Editor’s note: While corporate revenue continues to decline, Cisco Services’ revenue recovers through software-driven services, says Technology Business Research Analyst Kelly Lesiczka after a review of Cisco’s latest financials reported earlier this week.

HAMPTON, N.H. – Despite Cisco’s corporate revenue declined 4% year-to-year to $12.1 billion in 2Q17, Cisco Services’ revenue grew 1% year-to-year, to $3.1 billion following an increase in software-driven solutions and attached services engagements. Cisco Services contributes 25.6% of total Cisco revenues, improving 120 basis points from 24.4% in 2Q16, driven by the company’s transition to focus on software-driven services as well as investments in cloud and digital technologies.

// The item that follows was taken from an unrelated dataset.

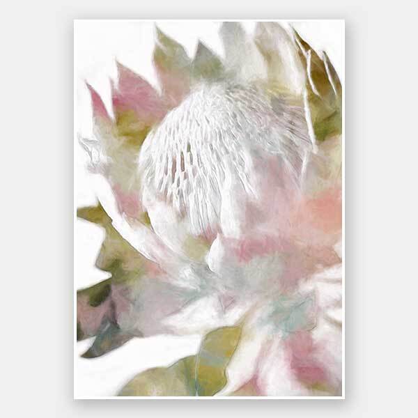 Sugar Bush II Unframed - Abstract Protea with pink, green and muted pastels, a modern twist on a floral still life. 2016 WINTER COLLECTION: INSPIRE

  • VIDEO: Watch an overview of Cisco services at https://www.youtube.com/watch?v=-eL1HGvmLdQ

As Cisco increases innovation efforts and recent acquisitions such as Viptela, to bolster software and automation services we expect the company to further support recurring revenue generation and drive profitability.

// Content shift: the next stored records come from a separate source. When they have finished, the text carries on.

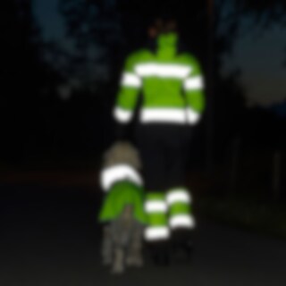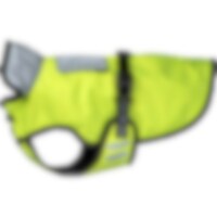 Reflecterende deken van fluorescerend geel 420D polyester met kraag en paspelzakje in reflecterende stof. De gele buitenstof zorgt voor een betere zichtbaarheid in de schemering en de reflecterende randen helpen als het pikdonker is. Waterdicht met 3000 mm waterkolom die de hond droog houdt tijdens de hele wandeling. Gevoerd met dunne microfleece om warmte te bieden met behoud van flexibiliteit. Gat in de kraag voor een halsband en paspelzakjeje op de rug voor het tuig.
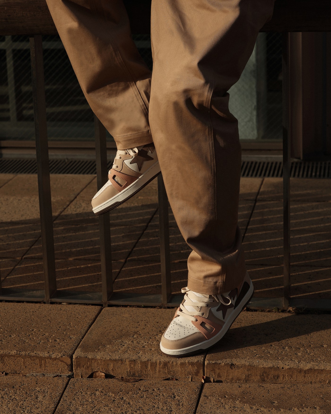鞋头侧面镂空处理和鞋侧标志性的五角星 Logo,沿袭 BAPE STA™ 系列创新风格,为复古鞋型注入街头活力。
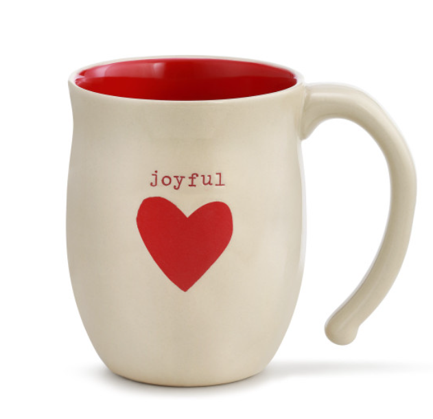 This hand-thrown stoneware mug features a cozy and unique message that reads, "Joyful," and a red heart at the outside with a red inside. The homemade feel of this mug and handle makes it easy to wrap your hands around and enjoy your favorite toasty warm beverage, from coffee to tea to hot chocolate and everything in between. Each piece from this collection is great for wrapping oneself in the love and warmth felt throughout the holiday season when spending time with friends, family and other loved ones. With a special gift bag included, this item comes ready to gift to anyone on your list to let them know that you are thinking of them, warming their hands and their heart.
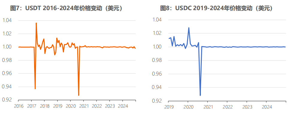 两大稳定币在2021年前经历过多次价格波动:2017年开始,USDT的发行公司Tether因关联公司Bitfinex交易所的银行纠纷引发美元储备质疑,频遭法律调查;2020年,受新冠疫情影响,加密货币市场恐慌性抛售导致两币出现脱锚;2021年后,随着发行方加强储备透明度,以及市场机制的完善,价格基本稳定在1美元水平。

Offering integrated suites of software and support services will positively affect Cisco Services’ long-term growth

As Cisco continues on its path to become a company centered on software and services to drive recurring revenue streams, it is simplifying how enterprises purchase software and support services from the company. Cisco’s Enterprise Agreement (EA) that was announced in May bundles software and support services into predefined solution suites using a single licensing agreement for predefined software suites related services.

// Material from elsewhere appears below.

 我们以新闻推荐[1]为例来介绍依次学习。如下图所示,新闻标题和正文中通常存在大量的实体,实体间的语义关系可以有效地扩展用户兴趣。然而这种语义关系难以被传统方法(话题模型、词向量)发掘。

Channel partners enable Cisco to support above average profitability and efficiency metrics and expand client opportunities

Cisco Services’ continuous use of partners to deliver product-related advisory, implementation and support services enable the company to lead peers in profitability metrics, such as gross and operating margins, and efficiency metrics, such as revenue per employee and operating income per employee. Cisco Services’ gross margin grew 180 basis points year-to-year to 67.8% and estimated operating margin was 39.9% in 2Q17 both exceeding the peer averages of 31.7% and 10.1%, respectively.